I Know Why the Caged Bird Sings (1969)
Four and Half Stars out of Five
Maya Angelou
How many people have experienced, seen, done and learned
from their experiences as much as Maya Angelou? How many depression-era Black
girls (raised for the most part in the rural South) have grown to an adulthood
that includes on her resume the following: author, poet, modern dancer, singer,
journalist, Broadway actor, coordinator for the Southern Christian Leadership
Council and (oh yes), fry cook, prostitute, and night club dancer. Who else has
had working relationships with Martin Luther King, Malcom X, the Clintons and
the Obamas? Has anyone accomplished as many firsts such as the first Black
woman screenplay writer with a movie that reached production or the first Black
woman director of a major motion picture? And how many others have been
nominated for a Pulitzer Prize, for a Tony, and received the National Medal of
Arts, the Lincoln Medal, and the Presidential Medal of Freedom. Who else has a
resume like Maya Angelou?
Maya Angelou began a period of intense artistic endeavors in
1968 that was to last almost until the day of her death at age 86. After a
period of mourning over the murder of MLK (on her 40th birthday), she
wrote, produced and narrated a 10 part documentary on Jazz and Blacks in
America for public television. Later that same year she was challenged by her
soon to be publisher (Robert Loomis at Random House) to write an autobiography;
an autobiography that was written with the intention of establishing a new
artistic direction for the genre. “I Know Why the Caged Bird Sings” was her
answer to Loomis and the first big step in a artistic career with few
parallels. “Caged Bird” would actually fall into the sub-genre of
autobiographical fiction. Angelou would for the first time establish a Black
woman as the central character in a novel. She would use the first person narrative
style where each time she wrote “I”, she meant “we” for the Black people of
America. She would be one of the first to describe “Blackness” from within, she
would do so without apology or defense, and rather than focusing on politics or
feminism, she would write her autobiography as a means of self-revelation. Each
chapter in her life would be written almost as short stories from her life, as
episodes that help explain her life and that of Blacks in America. “Caged Bird”
would the first of seven autobiographies, three books of essays, multiple books
of poems, two cookbooks, seven children’s books, seven plays, fourteen
screenplays, and numerous audio recordings.
Angelou begins her story by relating how she and her brother
Bailey (Jr.) were sent away from their parents in California to their paternal
grandmother in Stamps, Arkansas. The stated reason was that her parents’
marriage was breaking up, but as she continues her story from age 3 (Bailey Jr.
was 4) when they were first sent to Arkansas, it becomes increasingly clear
that Maya and Bailey Jr.’s parents were far from ideal (though her later
autobiographies suggest she reconciled with her mother). Her grandmother in
Stamps who they came to call Momma was quite the opposite. Annie Henderson was
Bailey Sr.’s mother and was one of the few people in the Stamps Arkansas area
(white or Black) that came through the depression in a reasonably comfortable
manner. Because she owned and operated a store, and because she was an
intelligent manager, she, her crippled son Willie and her two grandchildren
were able to experience some minor comforts during this otherwise difficult era
in American history. In fact, she was sufficiently prosperous that she could lend
money without interest to white people undergoing their own fiscal problems.

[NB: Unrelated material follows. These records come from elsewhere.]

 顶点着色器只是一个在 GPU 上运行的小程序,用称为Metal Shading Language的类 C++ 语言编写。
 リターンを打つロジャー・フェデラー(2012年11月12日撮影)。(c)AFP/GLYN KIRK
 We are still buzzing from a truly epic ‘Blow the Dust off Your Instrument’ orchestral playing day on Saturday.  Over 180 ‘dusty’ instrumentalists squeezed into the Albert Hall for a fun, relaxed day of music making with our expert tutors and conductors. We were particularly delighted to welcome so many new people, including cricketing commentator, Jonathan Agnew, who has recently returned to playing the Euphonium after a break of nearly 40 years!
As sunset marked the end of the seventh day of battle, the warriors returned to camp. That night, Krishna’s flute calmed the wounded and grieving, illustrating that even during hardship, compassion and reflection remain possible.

Angelou is able to show in a poignant and illustrative manner that this
kindness by Annie was not returned after the Depression. The local white
dentist for example refused to treat Maya because she was Black, and he refused
in language that was the very definition of racially offensive. Life in Stamps
was at times good for young Bailey and Maya, but the overt and covert racism
they experienced was a constant feature of their life.

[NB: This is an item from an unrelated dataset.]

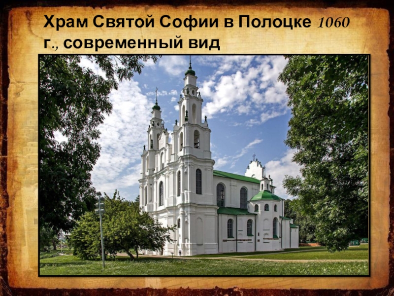 Софийский собор в Новгороде был возведен в 1045-1050 гг. «повелением князя Ярослава и сына его Владимира и архиепископа Луки». Внутреннее пространство Софии из-за массивных столбов, а также из-за узких межстолпных сводов, кажется несколько стесненным и не гармонирующим со строгой простотой внешних форм здания. Оказывается, и внутри, так же, как и снаружи, нет ничего лишнего, не оправданного конструктивными надобностями.

A good example of the covert racism was displayed during a
high school graduation ceremony where a local white politician (Donleavy) described
the big changes coming to the local white and Black high schools: in the case
of the white school, there would microscopes, new books, things designed to
help them academically, while for the Black schools, Donleavy extolled the
virtues of the local Black athletes. Young
Maya described it as such: “It was awful to be a Negro and have no control over
my life. It was brutal to be young and already trained to sit quietly and
listen to charges brought against my color with no chance of defense.” Such
institutionalized insults were combined with the daily abuse such as
experienced by Annie Henderson at the hands of the ignorant “powhitetrash”

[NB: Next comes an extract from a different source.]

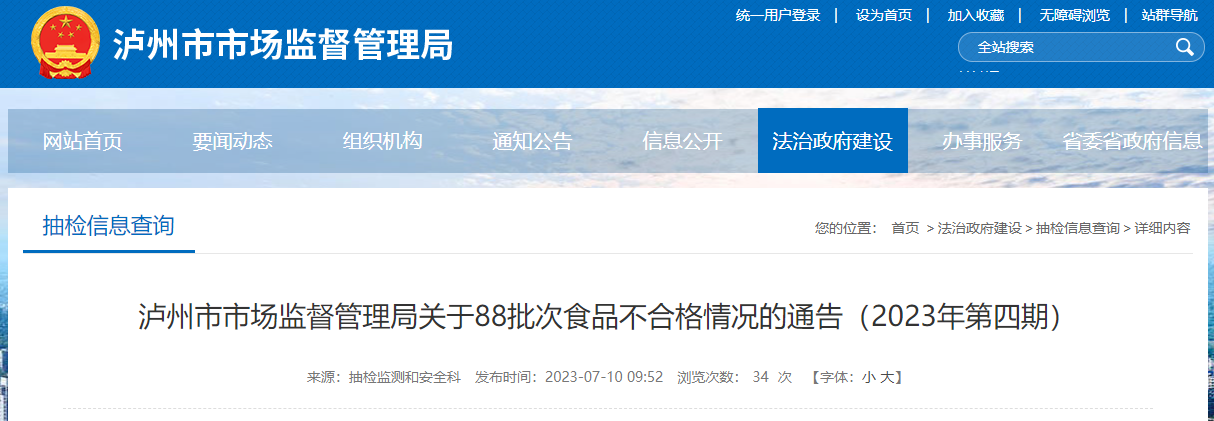 中國(guó)質(zhì)量新聞網(wǎng)訊 7月10日,四川省瀘州市市場(chǎng)監(jiān)督管理局發(fā)布關(guān)于88批次食品不合格情況的通告(2023年第四期)。通告稱,經(jīng)瀘州市市場(chǎng)檢驗(yàn)檢測(cè)中心、四川國(guó)檢檢測(cè)有限責(zé)任公司檢驗(yàn),抽取酒類、糧食加工品、蔬菜制品等24個(gè)食品大類1413批次產(chǎn)品,檢出88批次樣品不合格。發(fā)現(xiàn)的主要問(wèn)題是食品添加劑超范圍超限量使用、農(nóng)藥殘留超標(biāo)、質(zhì)量指標(biāo)不達(dá)標(biāo)、其他生物超標(biāo)、重金屬污染等。

children who could at their leisure walk by Annie’s store and hurl insults at
her – the very woman that provided a moral and financial pillar for their joint
communities. There was no respect displayed by the white community, nor even
any appreciation that the two races were one species. Maya summed it up early
in her life by commenting: “ I could not force myself to think of them as
people”.
As young Bailey and Maya grew to the age of eight and seven,
they were suddenly and without explanation driven from Sparks to St. Louis to
live with their mother and her boyfriend, Mr. Freeman. This change in place and
culture was severely dislocating for the children. It was further compounded as
the two young people had to re-assess the idyllic vision each had of their
absent father and mother for the new, now visible reality. Their father was a
flashy, charming rascal that worked as a dietician in the Navy and later as a
doorman – but never displayed the firm control of his behavior demanded by his
mother (Momma to the two children) that she required of young Bailey and Maya.
And their mother, Vivian turned out to be a local beauty though trained as a
nurse, made her way in life as a card dealer and ran with a very rough crowd –
a crowd that included her three brothers. After living for a year with Vivian
and Mr. Freeman, Maya was sexually molested and later raped by Mr. Freeman.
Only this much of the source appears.